◆ MATERIALS PROVIDED
○ ○ ○ ○ ○ ○ ○

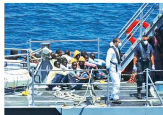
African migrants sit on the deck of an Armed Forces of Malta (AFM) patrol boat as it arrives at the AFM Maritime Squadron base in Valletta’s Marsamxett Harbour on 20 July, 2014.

○ ○ ○ ○ ○ ○ ○

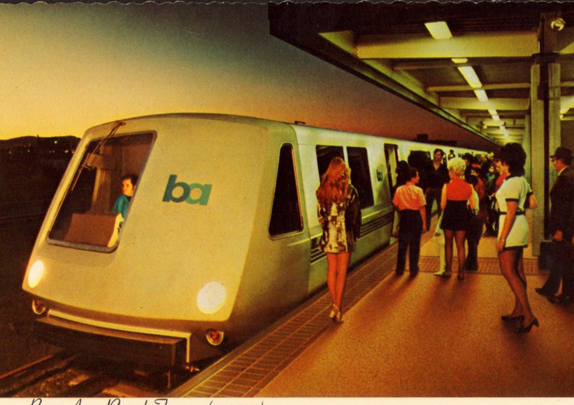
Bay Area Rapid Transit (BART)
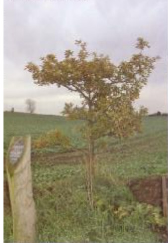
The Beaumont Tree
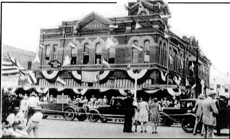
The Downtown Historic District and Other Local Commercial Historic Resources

○ ○ ○ ○ ○ ○ ○

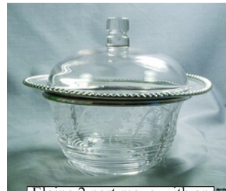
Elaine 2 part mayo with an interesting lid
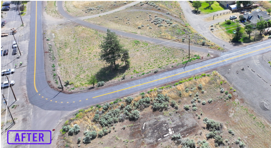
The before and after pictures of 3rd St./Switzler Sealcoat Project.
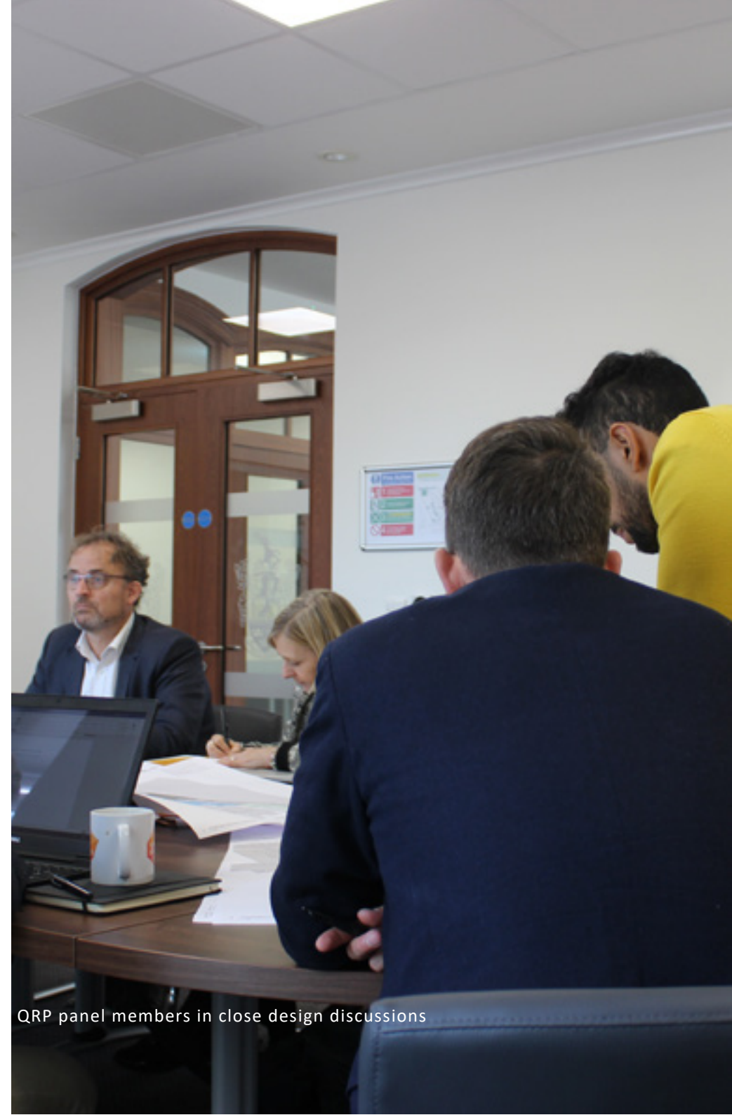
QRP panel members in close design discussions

○ ○ ○ ○ ○ ○ ○

◆ PROBLEM REQUIREMENTS
Beginning with the line that contains "Elaine 2 part mayo with an interesting lid", write out the lines of the material above exactly, and end with the line that contains "QRP panel members in close design discussions". Omit the pictures.

◆ RESULT FOR THIS TASK
Elaine 2 part mayo with an interesting lid
The before and after pictures of 3rd St./Switzler Sealcoat Project.
QRP panel members in close design discussions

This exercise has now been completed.